Richard Inglewood, Chairman stated, 'Commercially, the year was significant for
the successful integration of the previous year's two substantial acquisitions
in the important areas of animal feed and flour and for the establishment by
Agriculture, which remains much the largest of the Group's three Divisions, of
three joint ventures - in Wales, Germany and England.'
With regard to prospects, Lord Inglewood added 'Market conditions for
Agriculture are not getting any easier with the low farm gate milk price and
again long delays expected in the settlement by DEFRA of the Single Farm Payment
with respect to the previous harvest year. The massive increase in wheat prices,
combined with high-energy costs, will make it a tough year for Food. Engineering
made good progress this year in improving its underlying result, but this is
unlikely to be repeated in the current year. Given these trading environments,
to achieve a ninth successive annual increase in adjusted profit before tax will
be challenging, despite the greater strength of the business and Carr's track
record in successfully combating adverse conditions.'
Lunchtime Presentation:
Today, Monday 13 November, from 13:00 to 14.00, Carr's will be presenting to
brokers' analysts and private client brokers over a sandwich lunch, at the
offices of Bankside Consultants,
1 Frederick's Place, London EC2R 8AE. Those wishing to attend are asked to
notify Bankside Consultants.
Enquiries:
Carr's Milling Industries plc 01228-554 600
Chris Holmes (Chief Executive Officer)
Ron Wood (Finance Director)
Bankside Consultants Limited
Charles Ponsonby 020-7367 8851
charles.ponsonby@bankside.com
Ian Payne 020-7367 8853
ian.payne@bankside.com
CHAIRMAN'S STATEMENT
It gives me great satisfaction to report to Shareholders that Carr's has once
again raised to record levels both adjusted pre-tax profit, with a 9.2% increase
to £7.3 million, and adjusted earnings per share, with a 17.3% increase to
59.7p. Both represent an eighth successive annual increase. Commercially, the
year was significant for the successful integration of the previous year's two
substantial acquisitions in the important areas of animal feed and flour and for
the establishment by Agriculture, which remains much the largest of the Group's
three Divisions, of three joint ventures - in Wales, Germany and England.
FINANCIAL REVIEW
The annual figures have, for the first time, been prepared under International
Financial Reporting Standards ('IFRS') and those for 2005 have been restated on
a comparable basis.
Revenue in the 52 weeks to 2 September 2006 rose 26.3% to £242.6 million (53
weeks to 3 September 2005: £192.1 million), partially due to the inclusion for
the full year of the Pye animal feed business acquired by an associate in July
2005 and of the Meneba flour business acquired in November 2004. Profit before
tax was £6.3 million (2005 : £10.4 million).
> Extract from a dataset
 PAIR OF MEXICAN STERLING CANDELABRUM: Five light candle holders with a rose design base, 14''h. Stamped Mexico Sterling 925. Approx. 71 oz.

Profit before tax excluding non-recurring items (principally the £4.1 million
gain on disposal of the Bendall's engineering factory in the previous year) and
amortisation of intangibles increased by 9.2% to £7.3 million (2005: £6.7
million). Adjusted basic earnings per share, on a similar basis, rose 17.3% to
59.7p (2005: 50.9p).
Operating cash flow in the year was strong. Cash generated from operations of
£11.1 million compared with £6.7 million in the previous year. Net debt reduced
to £13.9 million (2005: £14.9 million), representing gearing of 68.3% (2005:
73.9%). More importantly, the net interest charge of £1.0 million (2005: £1.2
million) was covered 7.9 times (2005: 6.7 times) by adjusted Group operating
profit.
DIVIDENDS
Reflecting the Group's progressive dividend policy, its good performance and the
strength of its business, the Board is proposing an increase in the final
dividend of 13.6% to 12.5p per share.
Along with the interim dividend of 5.5p per share, paid in May 2006 (2005:
5.0p), this makes a total dividend for the year of 18.0p per share, an increase
of 12.5 % on last year's 16.0p.
The final dividend, if approved by Shareholders, will be paid on 19 January 2007
to Shareholders on the register at the close of business on 15 December 2006.
Shares will trade ex-dividend on 13 December 2006.
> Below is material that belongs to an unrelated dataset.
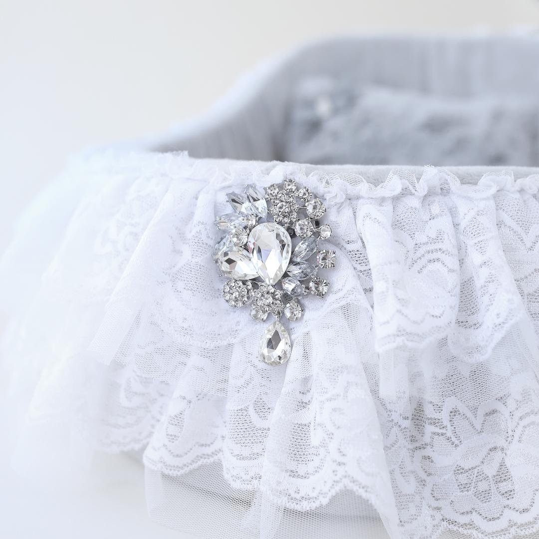 For that beautiful addition to your family, you'll want your pup to have sweet beginnings in our adorable Crib Bed by Hello Doggie, to lull your baby into sweet dreams. Trimmed in two-tiered romantic handmade lace, our cribs also feature a bouquet drop crystal brooch and removable pillow for easy care. Pair with any Hello Doggie Blanket. You'll be the envy of all your friends! Our collection offers four soft colors to choose from. One Size - *20" x 14" x 5 1/2"   |   Pillow inside - 18" x 12"   |   For dogs up to 6 Lbs MSRP - $177.99 *Bed is handmade and sizes may vary slightly. Made in USA.

Dividends per share are covered 3.3 times (2005: 3.1 times) by adjusted earnings
per share.
BOARD
In September 2005 and as reported in last year's Preliminary Announcement,
Alastair Wannop, a significant member of the Cumbrian farming community, was
appointed a non-executive Director, bringing non-executive Directors to three
and independent non-executive Directors to two, and I succeeded David Newton as
Chairman.
As in previous years, the Board reviewed best practice Corporate Governance
policies and procedures and made changes where appropriate to ensure that the
Group remains compliant, to the extent appropriate to the size of the Group,
with the Combined Code.
AGRICULTURE
The Group's Agriculture business comprises, in the UK (primarily in the North
West of England and South West of Scotland), four related activities - animal
feed manufacture, fertiliser blending, agricultural retailing and oil
distribution - and, in the USA and Germany, animal feed manufacture.
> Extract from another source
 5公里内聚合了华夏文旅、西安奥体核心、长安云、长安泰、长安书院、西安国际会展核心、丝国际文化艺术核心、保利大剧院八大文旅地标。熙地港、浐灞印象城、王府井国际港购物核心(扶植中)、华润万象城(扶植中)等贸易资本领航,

Operating profit of £5.0 million (2005: £5.9 million) was achieved on a revenue
of £174.5 million (2005: £132.7 million). This represents a modest, and much
reduced, operating margin of 2.8% (2005: 4.4%), mainly reflecting market
conditions and actions taken to improve for the future the Group's marketplace
for compound and blended animal feed.
United Kingdom
Agriculture's UK market place was even more challenging than last year. In
general, this reflected delays and uncertainty in farmers' receiving the initial
Single Farm Payment (indeed, some payments are still outstanding in respect of
the 2005 harvest year), the low farm gate milk price and higher energy costs.
Further problems specifically affecting the manufacture of compound ruminant
animal feed included the mild winter weather (enabling animals to feed outside)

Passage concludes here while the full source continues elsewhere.